Wyrwałem się z jego uścisku i poszedłem po tę linijkę. Mały rozkleił się, ocierał łzy w rękaw od kurtki.
- Proszę oprzeć się rękami o biurko - nakazałem mając nadzieję, że Marcel za moment pęknie i zdradzi kryjówkę brata. Chłopiec spojrzał na mnie oczyma pełnymi żalu. Popukałem linijką w biurko, żeby go zachęcić do wykonania mego polecenia. Mały mocno zacisnął powieki.
- Nikodem jest w parku, schował się w spróchniałym drzewie obok stawu - wyszeptał, a po chwili wybuchnął płaczem.
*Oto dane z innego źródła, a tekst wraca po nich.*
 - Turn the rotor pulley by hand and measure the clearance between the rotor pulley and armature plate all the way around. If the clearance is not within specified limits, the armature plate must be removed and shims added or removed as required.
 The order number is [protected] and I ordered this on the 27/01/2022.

Odłożyłem tę linijkę i przykucnąłem przy nim, przytuliłem go.
- Nie becz już - powiedziałem, po czym chwyciłem go za rękę i wyprowadziłem z sekretariatu.
Kilka minut później byliśmy już w parku, o którym mówił Marcel. Chłopiec pokazał mi z daleka drzewo, w którym bodajże ukrywał się Niko. Zostawiłem Marcela przy stawie a sam udałem się w kierunku owego drzewa.
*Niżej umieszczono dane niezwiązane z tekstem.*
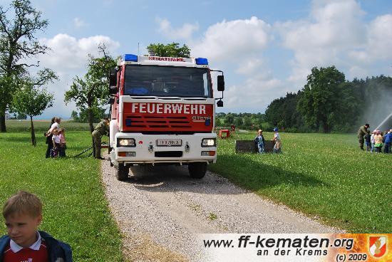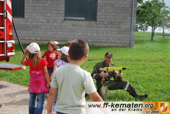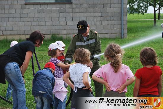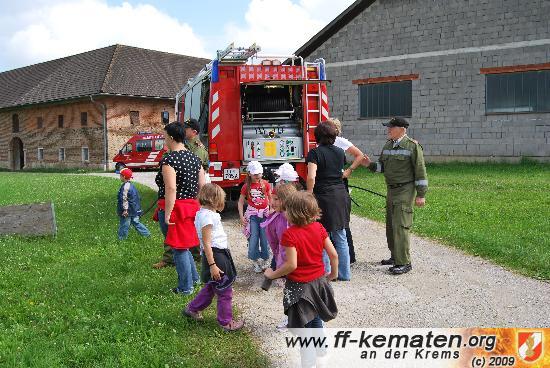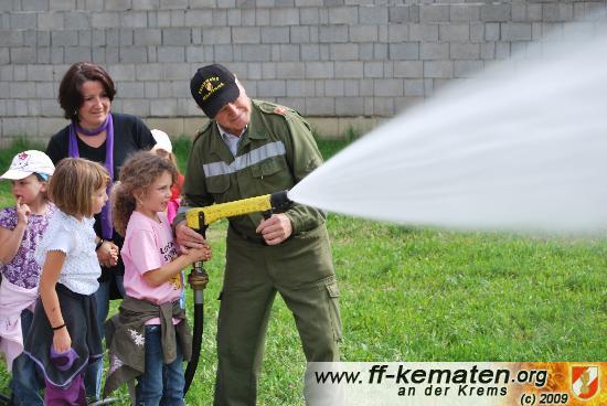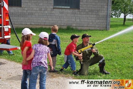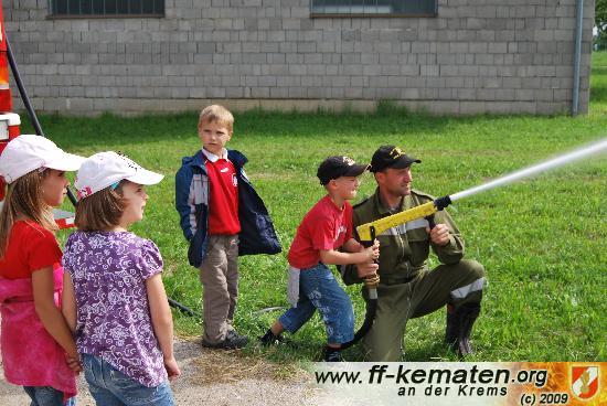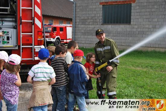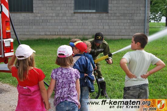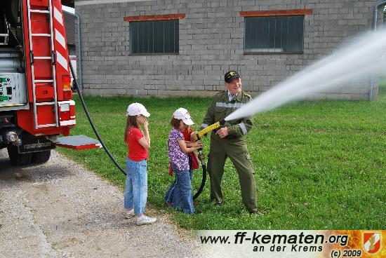 Neben der kindergerechten Vorstellung der Feuerwehr folgte natürlich die obligatorische Fahrt mit den Feuerwehrautos und ein "Spritzen" mit dem HD-Rohr vom TLF-A.

Nikodem stał wewnątrz spróchniałego dębu odwrócony tyłem do świata. Jak go zobaczyłem to nie wiedziałem, czy powinienem śmiać się czy wściekać. Złapałem go za rękę i pociągnąłem ku sobie.
- Co ty odwalasz?! - krzyknąłem prowadząc syna w stronę auta.
- Nic, a co? - odparł piskliwym głosem.
Miałem chęć porządnie przetrzepać mu tyłek, ale musiałem się powstrzymać ze względu na spacerujących parkiem ludzi.
- Nic? A co?! A to, że wezwałem do ciebie karetkę! Bałem się, że coś ci się stało, a ty bezczelnie udawałeś nieprzytomnego! Nie wiem nawet jak to skomentować!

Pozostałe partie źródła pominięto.